Efficiently Manipulating Time in Pandas DataFrames with Timedelta - Adventures in Machine Learning (2024)

Adding and Subtracting Time in Pandas

In today’s article, we will learn how to add and subtract time in Pandas, a popular data analysis tool in Python. Time manipulation is a common task in data analysis and can reveal important insights into data trends and patterns.

Pandas provides multiple functionalities to perform time-related operations, including the Timedelta function. We will explore how to implement Timedelta to add and subtract time in a Pandas DataFrame.

Using Timedelta to Add Time

Adding time to a Pandas DataFrame can be done quickly with the Timedelta function. Timedelta is a fundamental time helper function in Python that can perform arithmetic on time values.

Let’s start by importing the Pandas library.

import pandas as pd

Next, let’s create a simple Pandas DataFrame to demonstrate how to use Timedelta to add time to a column in the DataFrame.

df = pd.DataFrame({'sales': [100, 200, 300, 400], 'dates': pd.to_datetime(['2022-01-01', '2022-01-02', '2022-01-03', '2022-01-04'])})
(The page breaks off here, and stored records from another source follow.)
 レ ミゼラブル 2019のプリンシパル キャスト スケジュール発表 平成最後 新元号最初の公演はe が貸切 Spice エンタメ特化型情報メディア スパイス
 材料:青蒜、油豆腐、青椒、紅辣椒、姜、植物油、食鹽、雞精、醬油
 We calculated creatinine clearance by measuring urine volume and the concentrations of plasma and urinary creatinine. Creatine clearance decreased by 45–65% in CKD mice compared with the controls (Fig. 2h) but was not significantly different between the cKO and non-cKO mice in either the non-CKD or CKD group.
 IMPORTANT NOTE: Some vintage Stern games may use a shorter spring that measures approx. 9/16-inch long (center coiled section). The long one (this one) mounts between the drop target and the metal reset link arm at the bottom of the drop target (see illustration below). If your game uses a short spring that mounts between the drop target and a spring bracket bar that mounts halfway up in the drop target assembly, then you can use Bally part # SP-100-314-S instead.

We have created a DataFrame with two columns, ‘sales’ and ‘dates.’ The ‘sales’ column contains integers, and the ‘dates’ column stores datetime values.

Now let’s use Timedelta to add 2 days to the ‘dates’ column in df using the “+” operator.
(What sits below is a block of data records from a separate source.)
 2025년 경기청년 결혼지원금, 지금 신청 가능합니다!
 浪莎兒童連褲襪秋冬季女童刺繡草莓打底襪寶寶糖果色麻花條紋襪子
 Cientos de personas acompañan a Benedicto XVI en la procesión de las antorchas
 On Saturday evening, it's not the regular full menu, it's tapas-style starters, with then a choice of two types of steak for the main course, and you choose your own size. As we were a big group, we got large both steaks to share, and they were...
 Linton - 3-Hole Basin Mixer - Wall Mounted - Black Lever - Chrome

df['dates'] = df['dates'] + pd.Timedelta(days=2)

In the code above, we added 2 days to the ‘dates’ column in df by calling the Timedelta function with the keyword argument ‘days=2.’ We then use the “+” operator to add this Timedelta object to the ‘dates’ column.

To check whether the new dates were added correctly, we can use the “print” statement to display df.

print(df)

The output should be:

 sales dates0 100 2022-01-031 200 2022-01-042 300 2022-01-053 400 2022-01-06

As we can see above, the ‘dates’ column has been shifted 2 days into the future, while the ‘sales’ column has remained unchanged.

Using Timedelta to Subtract Time

The same logic applies when subtracting time from a Pandas DataFrame using Timedelta. Let’s use the same DataFrame created earlier and subtract 2 days from the ‘dates’ column.

df['dates'] = df['dates'] - pd.Timedelta(days=2)

The “-” operator is used in the code above to subtract the Timedelta object from the ‘dates’ column in df. We then print the DataFrame to check the result.

print(df)

The output will be:

 sales dates0 100 2019-12-301 200 2019-12-312 300 2020-01-013 400 2020-01-02

As we can see above, the ‘dates’ column has been shifted 2 days into the past, while the ‘sales’ column has remained unchanged. Example: Adding and Subtracting Time in a Pandas DataFrame

Now that we have learned how to use Timedelta to add and subtract time, let’s look at a practical example of how we can use it in a Pandas DataFrame to analyze and visualize data trends.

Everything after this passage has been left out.